Facebook takes cues from your Page to determine the nature of your business. This is why it is imperative to fill out your entire Facebook Page profile information and keep it up-to-date.

Here are some tips:

1. Facebook looks at your Page name, About section, category and sub-category to search for keywords about your business. It uses these to rank your Facebook Page in Graph Search results. Add relevant keywords to your About section and choose the appropriate categories.

TIP: Think about the keywords people use to find your site on Google. Incorporate these into your profile.

2. Select a Facebook vanity URL if you have not already

3. For local businesses – Add your address, city, contact information and hours.
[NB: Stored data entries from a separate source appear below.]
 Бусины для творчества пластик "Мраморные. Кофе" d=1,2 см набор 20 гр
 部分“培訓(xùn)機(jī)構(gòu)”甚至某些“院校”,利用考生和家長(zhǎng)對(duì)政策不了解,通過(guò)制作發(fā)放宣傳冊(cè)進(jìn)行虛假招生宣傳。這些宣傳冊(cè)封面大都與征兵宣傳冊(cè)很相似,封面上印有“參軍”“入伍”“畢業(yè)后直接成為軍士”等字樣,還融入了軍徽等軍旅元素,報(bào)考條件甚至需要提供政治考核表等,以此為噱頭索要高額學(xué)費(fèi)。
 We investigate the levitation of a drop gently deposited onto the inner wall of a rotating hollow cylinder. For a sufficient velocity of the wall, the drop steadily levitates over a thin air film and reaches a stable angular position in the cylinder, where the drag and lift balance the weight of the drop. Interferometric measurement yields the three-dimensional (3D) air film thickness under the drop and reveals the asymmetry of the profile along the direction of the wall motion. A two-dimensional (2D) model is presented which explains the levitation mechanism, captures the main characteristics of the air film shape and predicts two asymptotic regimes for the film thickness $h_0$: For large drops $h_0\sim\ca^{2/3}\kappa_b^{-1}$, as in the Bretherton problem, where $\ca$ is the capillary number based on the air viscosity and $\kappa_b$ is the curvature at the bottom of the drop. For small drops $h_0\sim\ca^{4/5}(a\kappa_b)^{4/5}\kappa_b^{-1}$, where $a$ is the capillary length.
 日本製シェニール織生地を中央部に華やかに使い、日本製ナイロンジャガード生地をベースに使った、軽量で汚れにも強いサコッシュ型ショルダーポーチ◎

4. Tag your images with your name and location. Facebook users can search for image results and tagging will help users find your images.

5. Ensure the data on your business Facebook Page is set to Public if you list a location.


Another Cool Trick

You can thank Jon Loomer for this next trick. Jon is a Facebook expert and someone I admire in the industry. Check out his blog if you want to expand your knowledge on all things Facebook marketing.
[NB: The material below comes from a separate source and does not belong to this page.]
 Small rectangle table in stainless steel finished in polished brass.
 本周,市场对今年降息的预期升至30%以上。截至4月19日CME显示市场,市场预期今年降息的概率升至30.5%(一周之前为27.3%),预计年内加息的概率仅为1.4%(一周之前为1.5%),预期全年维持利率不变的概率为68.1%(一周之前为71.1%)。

Here are more “undercover” ways to use Facebook Graph Search to enhance your business:

  • Learn more about your Facebook fans – Search for people similar to those who Like your Page. Use this data to craft focused marketing campaigns or more specifically target your Facebook ads (can anyone say custom audiences?).

Here is an example:


Notice the search query. Simply substitute your business for “Lady Content.”

  • Focus on specific interests – Perform a search query similar to the one below to discover precise interests for your Facebook ads targeting.


  • Mix it up! Filter the search results by changing up the query:

“Pages liked by marketers who like Lady Content” – target an occupation

“Pages liked by men who like Lady Content” – target a gender, age or location

“Restaurants liked by people who like Pizza Hut” – target it towards your industry



Take advantage of Facebook Graph Search and optimize your Pages to discover yet another traffic stream for your business.

Have you used Graph Search yet? What do you think?